By the screening to the paddy rice of EMS mutagenesis (IR64) mutant library, separation has obtained a Rice Leaf look mutant HM14, and its phenotype energy genetic stability all shows as light green (as shown in Figure 1) within whole breeding time.Utilize mutant HM14 and Moroberekan hybridization to obtain F1, F1 plant has normal leaf color table type, the wild-type of F2 in generation and the separated separation ratio than meeting the single recessive mutation of Mendelian of mutation type surface, illustrate that the pale green leaf phenotype of mutant HM14 is controlled by single recessive gene.

embodiment 2: the Fine Mapping of mutator gene

According to the molecular genetic linkage map of the japonica rice of having announced and long-grained nonglutinous rice, choose the approximate SSR primer being uniformly distributed on each karyomit(e) and carry out polymorphic detection and Primary Location analysis, using the individual plant that there is mutation type surface in the F2 colony of mutant HM14 and Moroberekan hybridization acquisition as target group, identify that altogether 1008 strains have the F2 individuality of mutation type surface, 72 strains are wherein as first target group.Just positioning result shows that mutator gene is between the 11st the short arm of a chromosome RM1812 and RM26092.

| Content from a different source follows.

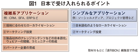 米国の場合、オンラインセールスやテレセールス、企業による独力でのサービス導入が主流だ。日本市場に参入して、商慣習・文化にどこまで対応するのかを、業務アプリベンダーは留意すべきだ。

Screening obtains between RM1812 and RM26092 primer RM26076, RM26079 and the RM26085 of polymorphism between parent, and analyzes the mutated individual in 1008 GeF2 colonies with these 5 pairs of primers, utilizes the information architecture physical map obtaining.Mutator gene Fine Mapping is within the scope of 40.7kb between the 11st karyomit(e) BAC clone AC116949 and the upper RM26076 of AC138196 and RM26079 mark (as shown in Figure 2) the most at last.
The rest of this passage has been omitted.